## Activity
Copy out the data word for word, without any of its pictures.

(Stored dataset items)
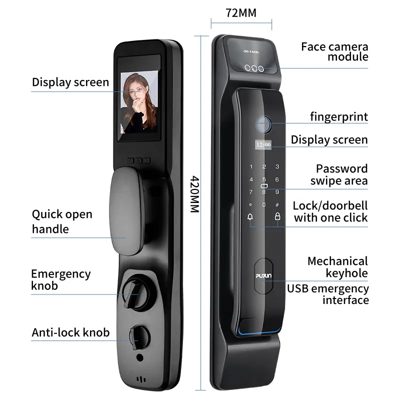 Mint Kínában gyökerező professzionális intelligens zárgyártó és -szállító, a PuXin gazdag tapasztalattal rendelkezik az intelligens ajtózár-iparban, kedvező árelőnyökkel és a legtöbb európai és amerikai piac lefedettségével. A PuXin DF65 3D Face Smart Lock, egy alapvető biometrikus termék, nagy pontosságú binokuláris infravörös arcfelismerő algoritmussal és kiváló minőségű felületfeldolgozással rendelkezik, amely hatékony feloldást, tartósságot és antisztatikus teljesítményt biztosít.
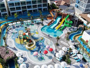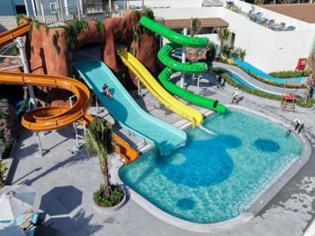 Плюсы: При заселении сделали апгрейд, при выставлении дали поздний выезд, отличная большая территория, всё чисто, больше подходит для семей с детьми, насчитала девять бассейнов на территории, пляж шикарный
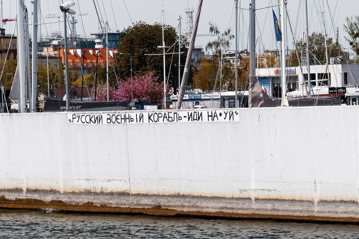 Jedním ze symbolů odporu obránců Ukrajiny proti agresi Ruska se stala věta "Ruská válečná lodi, běž do p...le!", která zazněla 24. února 2022 od obránců Hadího ostrova. Tady je v původním znění napsána na zdi přístavu v polské Gdyni (snímek vznikl v květnu 2022).
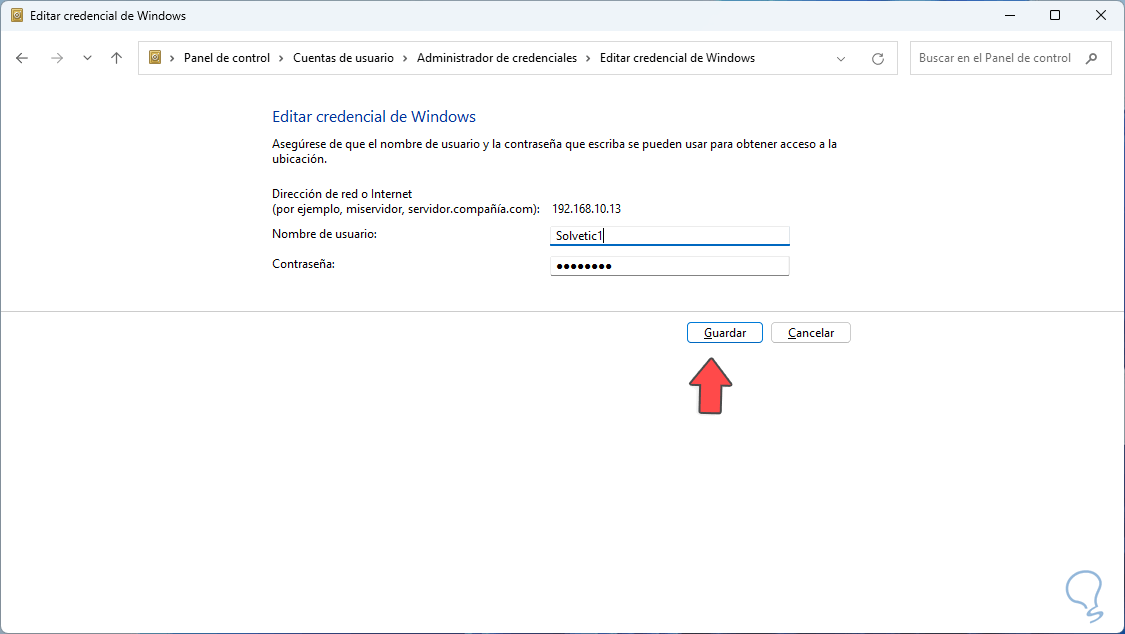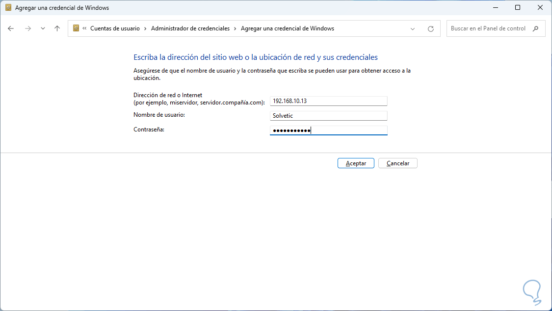 Es posible agregar de forma manual credenciales en el Administrador, damos clic en "Agregar una credencial de Windows" y luego ingresamos los datos requeridos:
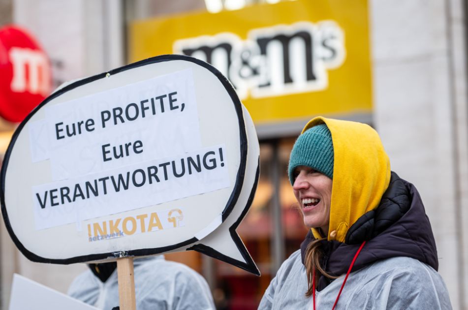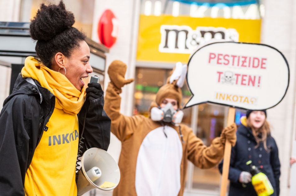 Gemeinsam mit Unterstützer*innen der Kampagne Make Chocolate Fair! machte INKOTA auf die Auswirkungen des gefährlichen Pestizideinsatzes im Kakaoanbau aufmerksam. Schokounternehmen müssen endlich Verantwortung übernehmen und Menschenrechte in ihrer Lieferkette einhalten – durch das deutsche Lieferkettengesetz sind sie auch gesetzlich dazu verpflichtet. Fast ein Jahr lang hatte Mars die Forderungen der Verbraucher*innen sowie die Gesprächsangebote seitens INKOTA ignoriert. Erst als INKOTA zum Protest vor dem M&M Store aufrief, waren Vertreter*innen von Mars zu einem persönlichen Gespräch über die gefährlichen Auswirkungen des Pestizideinsatzes in der Kakao-Lieferkette mit uns bereit.

## Result below
 Mint Kínában gyökerező professzionális intelligens zárgyártó és -szállító, a PuXin gazdag tapasztalattal rendelkezik az intelligens ajtózár-iparban, kedvező árelőnyökkel és a legtöbb európai és amerikai piac lefedettségével. A PuXin DF65 3D Face Smart Lock, egy alapvető biometrikus termék, nagy pontosságú binokuláris infravörös arcfelismerő algoritmussal és kiváló minőségű felületfeldolgozással rendelkezik, amely hatékony feloldást, tartósságot és antisztatikus teljesítményt biztosít.
 Плюсы: При заселении сделали апгрейд, при выставлении дали поздний выезд, отличная большая территория, всё чисто, больше подходит для семей с детьми, насчитала девять бассейнов на территории, пляж шикарный
 Jedním ze symbolů odporu obránců Ukrajiny proti agresi Ruska se stala věta "Ruská válečná lodi, běž do p...le!", která zazněla 24. února 2022 od obránců Hadího ostrova. Tady je v původním znění napsána na zdi přístavu v polské Gdyni (snímek vznikl v květnu 2022).
 Es posible agregar de forma manual credenciales en el Administrador, damos clic en "Agregar una credencial de Windows" y luego ingresamos los datos requeridos:
 Gemeinsam mit Unterstützer*innen der Kampagne Make Chocolate Fair! machte INKOTA auf die Auswirkungen des gefährlichen Pestizideinsatzes im Kakaoanbau aufmerksam. Schokounternehmen müssen endlich Verantwortung übernehmen und Menschenrechte in ihrer Lieferkette einhalten – durch das deutsche Lieferkettengesetz sind sie auch gesetzlich dazu verpflichtet. Fast ein Jahr lang hatte Mars die Forderungen der Verbraucher*innen sowie die Gesprächsangebote seitens INKOTA ignoriert. Erst als INKOTA zum Protest vor dem M&M Store aufrief, waren Vertreter*innen von Mars zu einem persönlichen Gespräch über die gefährlichen Auswirkungen des Pestizideinsatzes in der Kakao-Lieferkette mit uns bereit.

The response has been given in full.